You might not expect the kind of welcoming and inclusive vibe you’d be more likely to find at a small-town running store when you walk into BlackToe Running Inc. in downtown Toronto. But you’d be surprised, since that is exactly what you’ll find.

BlackToe is a family-run business. Five years in, owners Mike and Maya Anderson are still hands-on seven days a week. That’s how passionate they are about delivering the most inclusive running and shopping experiences available.

Their approach in the store has always been to give customers, whether beginners, elite, or somewhere in between, the best possible advice, regardless of where they are in their running journey. “We never dumb it down,” says Mike, “We just start at the beginning.”

“We never dumb it down,” says Mike, “We just start at the beginning.”

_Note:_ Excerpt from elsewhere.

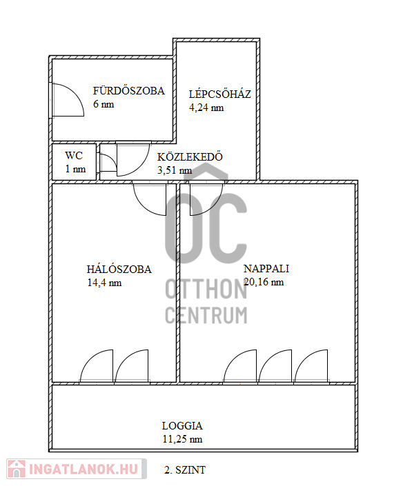 - 2. félszint: tágas nappali loggiával, hálószoba loggiával, fürdőszoba (kád + zuhany), WC
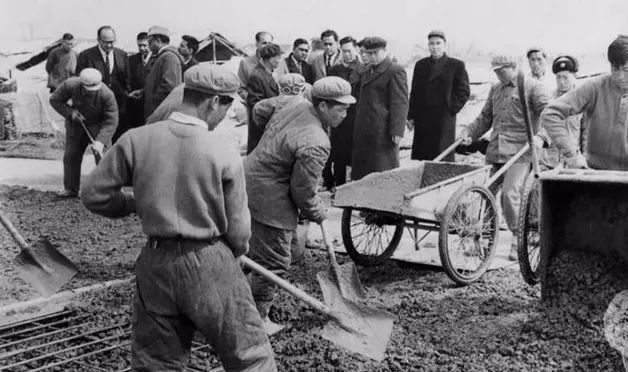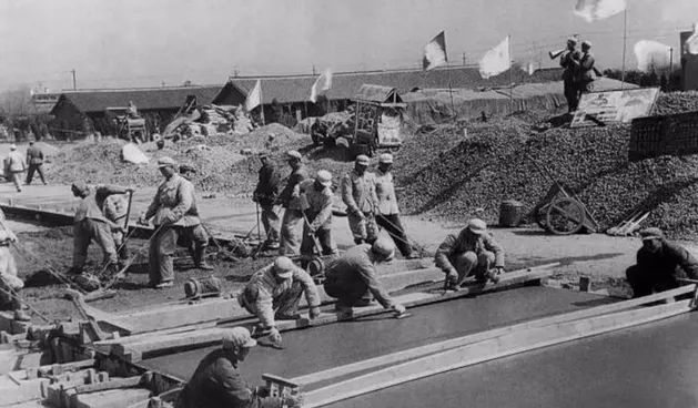 而在那个年代,除了那种老式混凝土搅拌机和提在手里的震荡器、风镐、手推车,几乎没有什么机械化电气化的工具。修建虹桥跑道,就像手工“做豆腐”,先把要浇铸的跑道地基分割成一个个边长3米的正方形空间,再用木板围上并固定好,一辆接一辆的翻斗小车把混凝土倒进设定的空间。负责“做豆腐”的战士就用手工工具把倒入的混凝土在钢筋间扒开、推平,用手持震荡器震实。

The approach extends well beyond the retail side of the business. BlackToe sponsors a number of smallish races with a strongly inclusive community vibe, like Pride and Remembrance, Divas and the Bum Run, all of which exist primarily to support good causes and a love of running, rather than elite rosters, competitive fields and prize money. Another passion project is the training BlackToe provides to the Good Foot Run Group, a unique delivery service staffed by runners with developmental disabilities, including their 24-year-old son, Braden.


It also extends to the way they train their staff (who are all experienced runners), and how they run their training groups, including a Tuesday night run club for anyone who’s just starting out, or progressing up in distances, and a Wednesday night race team for those training for marathons and half-marathons. Mike almost never misses the Wednesday night runs, because he enjoys them so much.

It’s easy to see why. The group is friendly and welcoming to a newcomer, chatting amiably during the 3K warmup jog down to the city’s Martin Goodman Trail on the lakeshore. The coaches position themselves at the front and back of the group, making sure no one is left behind, and work concerns fall away as the group divides itself into pace groups for kilometre repeats.


“I really love running with our teams, and Maya does too,” Mike says. “We do way more work on those teams than we could possibly get paid for, but the experience for us is so good that it’s a fun thing to do… We’ve seen so many friendships blossom, and relationships, so it’s pretty fun for us… I almost never miss them.”

Where the shopping experience is concerned, Mike points out that even young, urban condo dwellers who do most of their shopping online want to talk to a knowledgeable human now and then, to try on shoes and see new things they may not have known they were looking for, many of which Anderson brought in before they were available elsewhere.

“Whether they buy something or not, our goal is to make sure they’ve learned something…”

BlackToe’s commitment to giving value is evident to anyone who walks in the door. “Whether they buy something or not, our goal is to make sure they’ve learned something…” says Mike. “We figure they’re interested in the sport, they want to feel pumped about it, and they want to learn something, and share something. We want to make sure we’re doing all of those things with them. They should walk away feeling like they’e got some new piece of information, for example how to pick a shoe, or a race, or whats’s going on in the community.”

BlackToe was something of a roll of the dice for the Andersons, who were ready for a full-time passion project after a combined 45 years in the corporate sector (he in banking, she in engineering). They knew their new store had to give customers something different in an industry in which online sales were already the norm.

The lack of a “shoe wall”–the white wall of shoes you find almost everywhere else–is a humanizing element in the retail space. Other elements are the “bleachers” on the south wall (inspired by Mike’s high school years as a student-athlete) and the athletes’ footprints in cement on the shoe table.

Of course, the store has an online component, too, as any store must, and Anderson says it’s always been his goal to provide the most modern and easiest shopping experience that they can. He also chats with customers online to answer questions and offer advice about finding the right products.

The Andersons talked about various ideas to fulfil their entrepreneurial drive, but they always came back to running. Mike always ran for fitness, even while pursuing hockey as his main sport growing up, while Maya had been a track runner in high school. “It’s not the easiest business to make a living at–in fact we probably picked one of the more challenging businesses to start,” says Mike. “But the passion has to be there. If it’s not, you might as well stay in your office in the towers downtown.”

The passion, obviously, is for running–but also for the sense of belonging that running offers. “We our proud of the community we are contributing to here in Toronto and excited for what is happening in 2019.”